Viraine öffnete nach Si’ehs drittem, ungeduldigem Klopfen die Tür und sah verwirrt aus. Der weißhaarige Mann von Dekartas Audienz, der mich »nicht hoffnungslos« fand.
»Si’eh? Was zum Dämonen — ah.« Er sah mich an und zog die Augenbrauen hoch. »Ja, ich dachte mir doch, dass T’vril zu lange braucht. Die Sonne ist vor fast einer Stunde untergegangen.«
»Scimina hat Naha auf sie gehetzt«, sagte Si’eh. Dann sah er zu mir hoch. »Aber das Spiel sollte zu Ende sein, wenn du es bis hierher schaffst, nicht wahr? Du bist jetzt in Sicherheit.«
Also so sah meine Rechtfertigung aus. »So hat T’vril es gesagt.« Ich warf einen Blick den Gang entlang, so als ob ich noch immer Angst hätte. Das war nicht schwer vorzutäuschen.

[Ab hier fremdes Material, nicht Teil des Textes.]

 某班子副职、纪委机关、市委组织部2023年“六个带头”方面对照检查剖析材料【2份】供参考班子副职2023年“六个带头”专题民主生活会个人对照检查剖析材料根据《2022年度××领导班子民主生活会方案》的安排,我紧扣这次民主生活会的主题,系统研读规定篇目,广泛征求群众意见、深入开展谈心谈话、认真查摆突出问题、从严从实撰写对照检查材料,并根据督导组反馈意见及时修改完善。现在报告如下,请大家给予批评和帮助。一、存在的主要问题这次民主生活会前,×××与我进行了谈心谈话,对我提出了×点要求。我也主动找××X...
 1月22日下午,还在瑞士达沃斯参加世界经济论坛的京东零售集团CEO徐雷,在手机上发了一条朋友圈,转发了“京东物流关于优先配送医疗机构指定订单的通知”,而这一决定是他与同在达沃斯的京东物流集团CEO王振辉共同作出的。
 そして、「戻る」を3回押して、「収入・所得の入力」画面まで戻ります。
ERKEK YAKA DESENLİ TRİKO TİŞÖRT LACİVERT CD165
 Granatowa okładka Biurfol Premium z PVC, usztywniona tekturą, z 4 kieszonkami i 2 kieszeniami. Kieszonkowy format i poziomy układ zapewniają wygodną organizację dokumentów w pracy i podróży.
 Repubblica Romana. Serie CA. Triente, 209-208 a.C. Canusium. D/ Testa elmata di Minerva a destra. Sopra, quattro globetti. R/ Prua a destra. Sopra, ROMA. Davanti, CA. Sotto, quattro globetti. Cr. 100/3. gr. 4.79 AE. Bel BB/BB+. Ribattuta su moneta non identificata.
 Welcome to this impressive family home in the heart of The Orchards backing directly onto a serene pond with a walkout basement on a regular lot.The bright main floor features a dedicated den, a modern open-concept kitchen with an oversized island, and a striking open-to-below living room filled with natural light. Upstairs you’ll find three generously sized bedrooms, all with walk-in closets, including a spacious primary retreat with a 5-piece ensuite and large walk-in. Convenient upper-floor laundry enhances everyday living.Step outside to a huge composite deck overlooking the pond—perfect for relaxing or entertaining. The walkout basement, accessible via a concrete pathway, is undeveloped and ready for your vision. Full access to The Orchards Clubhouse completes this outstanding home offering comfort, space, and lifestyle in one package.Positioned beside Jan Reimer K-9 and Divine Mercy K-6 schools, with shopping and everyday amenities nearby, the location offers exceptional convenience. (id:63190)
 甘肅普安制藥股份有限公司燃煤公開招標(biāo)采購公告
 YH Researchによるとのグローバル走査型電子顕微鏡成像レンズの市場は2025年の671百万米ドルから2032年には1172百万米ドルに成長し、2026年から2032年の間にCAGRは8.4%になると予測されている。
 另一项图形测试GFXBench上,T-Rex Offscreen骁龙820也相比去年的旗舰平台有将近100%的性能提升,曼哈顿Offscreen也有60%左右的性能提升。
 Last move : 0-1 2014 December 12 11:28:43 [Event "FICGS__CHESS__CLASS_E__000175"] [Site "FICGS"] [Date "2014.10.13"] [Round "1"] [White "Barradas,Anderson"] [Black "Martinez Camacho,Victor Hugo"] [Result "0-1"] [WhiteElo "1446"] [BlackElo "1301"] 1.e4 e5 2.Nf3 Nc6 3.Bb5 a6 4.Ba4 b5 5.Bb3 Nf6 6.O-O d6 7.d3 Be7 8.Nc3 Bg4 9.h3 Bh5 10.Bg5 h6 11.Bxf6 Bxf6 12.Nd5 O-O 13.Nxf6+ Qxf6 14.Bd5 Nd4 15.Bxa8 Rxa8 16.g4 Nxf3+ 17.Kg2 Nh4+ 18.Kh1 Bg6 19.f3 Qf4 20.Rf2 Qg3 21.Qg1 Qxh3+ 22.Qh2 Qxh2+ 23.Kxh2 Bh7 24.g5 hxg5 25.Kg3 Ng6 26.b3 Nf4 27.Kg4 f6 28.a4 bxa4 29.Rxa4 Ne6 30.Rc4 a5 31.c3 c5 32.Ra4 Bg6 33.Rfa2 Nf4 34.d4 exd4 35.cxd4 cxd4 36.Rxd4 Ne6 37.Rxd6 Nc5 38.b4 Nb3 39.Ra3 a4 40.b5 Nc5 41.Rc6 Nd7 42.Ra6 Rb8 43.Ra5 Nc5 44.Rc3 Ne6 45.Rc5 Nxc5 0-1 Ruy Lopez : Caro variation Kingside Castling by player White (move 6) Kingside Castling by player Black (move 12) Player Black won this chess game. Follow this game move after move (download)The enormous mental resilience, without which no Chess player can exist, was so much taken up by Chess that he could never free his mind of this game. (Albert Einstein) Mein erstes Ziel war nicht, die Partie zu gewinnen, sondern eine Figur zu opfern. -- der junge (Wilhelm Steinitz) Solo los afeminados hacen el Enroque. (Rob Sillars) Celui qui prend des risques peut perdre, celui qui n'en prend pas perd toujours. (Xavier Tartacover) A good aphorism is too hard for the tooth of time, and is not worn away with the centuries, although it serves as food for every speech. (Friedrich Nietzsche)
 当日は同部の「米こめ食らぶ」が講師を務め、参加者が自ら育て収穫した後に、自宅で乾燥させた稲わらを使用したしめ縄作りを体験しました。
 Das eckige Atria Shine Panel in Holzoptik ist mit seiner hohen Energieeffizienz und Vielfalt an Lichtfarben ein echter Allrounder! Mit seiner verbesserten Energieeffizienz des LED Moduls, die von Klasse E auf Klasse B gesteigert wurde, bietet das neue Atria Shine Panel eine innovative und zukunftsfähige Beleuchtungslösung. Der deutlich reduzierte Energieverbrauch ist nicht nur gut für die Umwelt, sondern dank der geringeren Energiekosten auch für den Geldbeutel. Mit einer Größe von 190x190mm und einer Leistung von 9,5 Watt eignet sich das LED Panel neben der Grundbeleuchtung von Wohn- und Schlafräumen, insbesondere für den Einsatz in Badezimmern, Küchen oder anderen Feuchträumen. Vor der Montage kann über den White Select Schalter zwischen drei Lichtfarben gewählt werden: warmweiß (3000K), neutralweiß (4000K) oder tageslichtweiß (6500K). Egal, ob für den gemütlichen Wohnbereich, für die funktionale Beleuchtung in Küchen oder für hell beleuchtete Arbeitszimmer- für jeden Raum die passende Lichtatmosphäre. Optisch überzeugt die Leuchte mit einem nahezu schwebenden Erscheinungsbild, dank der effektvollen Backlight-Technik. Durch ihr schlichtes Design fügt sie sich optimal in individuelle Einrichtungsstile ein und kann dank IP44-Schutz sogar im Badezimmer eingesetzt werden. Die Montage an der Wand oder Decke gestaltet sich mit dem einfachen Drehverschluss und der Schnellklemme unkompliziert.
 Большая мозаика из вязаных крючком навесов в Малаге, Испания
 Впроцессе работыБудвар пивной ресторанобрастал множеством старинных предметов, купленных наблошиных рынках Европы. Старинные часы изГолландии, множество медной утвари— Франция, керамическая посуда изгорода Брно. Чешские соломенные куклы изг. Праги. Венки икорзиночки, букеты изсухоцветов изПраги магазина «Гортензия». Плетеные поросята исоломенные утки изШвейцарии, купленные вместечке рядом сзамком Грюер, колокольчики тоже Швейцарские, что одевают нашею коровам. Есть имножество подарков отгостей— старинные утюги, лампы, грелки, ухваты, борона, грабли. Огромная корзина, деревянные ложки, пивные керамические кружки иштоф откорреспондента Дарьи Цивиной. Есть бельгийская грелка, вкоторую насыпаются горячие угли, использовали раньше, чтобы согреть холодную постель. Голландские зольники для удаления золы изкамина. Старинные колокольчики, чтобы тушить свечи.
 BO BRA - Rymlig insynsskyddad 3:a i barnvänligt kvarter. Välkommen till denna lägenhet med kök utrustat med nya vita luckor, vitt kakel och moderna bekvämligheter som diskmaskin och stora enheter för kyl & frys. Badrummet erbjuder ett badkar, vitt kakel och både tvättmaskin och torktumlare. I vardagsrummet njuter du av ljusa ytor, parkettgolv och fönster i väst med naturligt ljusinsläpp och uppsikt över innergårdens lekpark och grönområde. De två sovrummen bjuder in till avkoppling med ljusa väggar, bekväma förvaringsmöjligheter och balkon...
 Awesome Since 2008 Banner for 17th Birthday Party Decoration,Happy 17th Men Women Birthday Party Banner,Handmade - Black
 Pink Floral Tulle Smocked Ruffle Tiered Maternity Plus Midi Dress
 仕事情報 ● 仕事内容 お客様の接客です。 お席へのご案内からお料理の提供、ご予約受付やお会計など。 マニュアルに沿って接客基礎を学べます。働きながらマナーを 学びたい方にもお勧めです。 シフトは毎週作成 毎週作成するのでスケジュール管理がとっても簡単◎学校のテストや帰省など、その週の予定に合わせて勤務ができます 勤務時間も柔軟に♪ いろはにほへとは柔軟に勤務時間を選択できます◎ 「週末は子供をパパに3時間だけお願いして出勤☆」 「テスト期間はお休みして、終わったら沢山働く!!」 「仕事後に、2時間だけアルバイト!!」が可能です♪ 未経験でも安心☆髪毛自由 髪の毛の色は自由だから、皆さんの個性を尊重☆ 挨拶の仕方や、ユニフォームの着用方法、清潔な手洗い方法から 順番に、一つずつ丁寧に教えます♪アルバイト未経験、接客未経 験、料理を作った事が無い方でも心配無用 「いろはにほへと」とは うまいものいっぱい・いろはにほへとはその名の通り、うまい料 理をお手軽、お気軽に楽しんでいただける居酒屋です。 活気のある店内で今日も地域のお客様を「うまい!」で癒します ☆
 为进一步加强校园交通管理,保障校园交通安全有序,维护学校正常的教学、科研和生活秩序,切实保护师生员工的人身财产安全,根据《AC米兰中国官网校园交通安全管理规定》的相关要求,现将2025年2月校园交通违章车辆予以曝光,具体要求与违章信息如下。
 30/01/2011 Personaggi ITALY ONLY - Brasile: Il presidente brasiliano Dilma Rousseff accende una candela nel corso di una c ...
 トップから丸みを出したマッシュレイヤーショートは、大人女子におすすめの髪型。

»Scimina wird ihm bestimmte Vorgaben gemacht haben«, sagte Viraine. Das sollte mich wohl beruhigen. »Sie weiß, wie er in dem Zustand ist. Tretet ein, Lady Yeine.«
Er ging beiseite, und ich betrat das Zimmer. Auch wenn ich nicht todmüde gewesen wäre, hätte ich an der Stelle innegehalten, weil ich mich in einem Raum befand, wie ich ihn noch nie zuvor gesehen hatte. Er war lang und oval, und entlang der beiden längeren Wände befanden sich Fenster, die vom Boden bis zur Decke reichten. Auf beiden Seiten des Zimmers befanden sich in Zweierreihen Arbeitstische — auf allen sah ich Bücher, Fläschchen und seltsame Gerätschaften. An der jenseitigen Wand standen Käfige, in einigen befanden sich Kaninchen und Vögel. In der Mitte des Zimmers war eine riesige weiße Kugel, die auf einem Sockel stand. Sie war so groß wie ich, und man konnte nicht hindurchsehen.
»Hier drüben«, sagte Viraine und ging zu einem der Arbeitstische. Davor standen zwei Hocker. Er wählte einen davon und klopfte mit der Hand auf den anderen, um zu zeigen, dass er für mich sei. Ich folgte ihm und zögerte dann.
»Ich fürchte, Ihr seid mir im Vorteil, Sir.«
Er sah überrascht aus, dann lächelte er und verbeugte sich lässig, beinahe ein wenig spöttisch. »Ah ja, Manieren. Ich bin Viraine, der Palastschreiber. Außerdem auf die ein oder andere Art auch mit Euch verwandt — viel zu weit entfernt, um es noch festzustellen, obwohl Lord Dekarta es für angebracht hielt, mich in den engsten Familienkreis aufzunehmen.« Er tippte an den schwarzen Kreis auf seiner Stirn.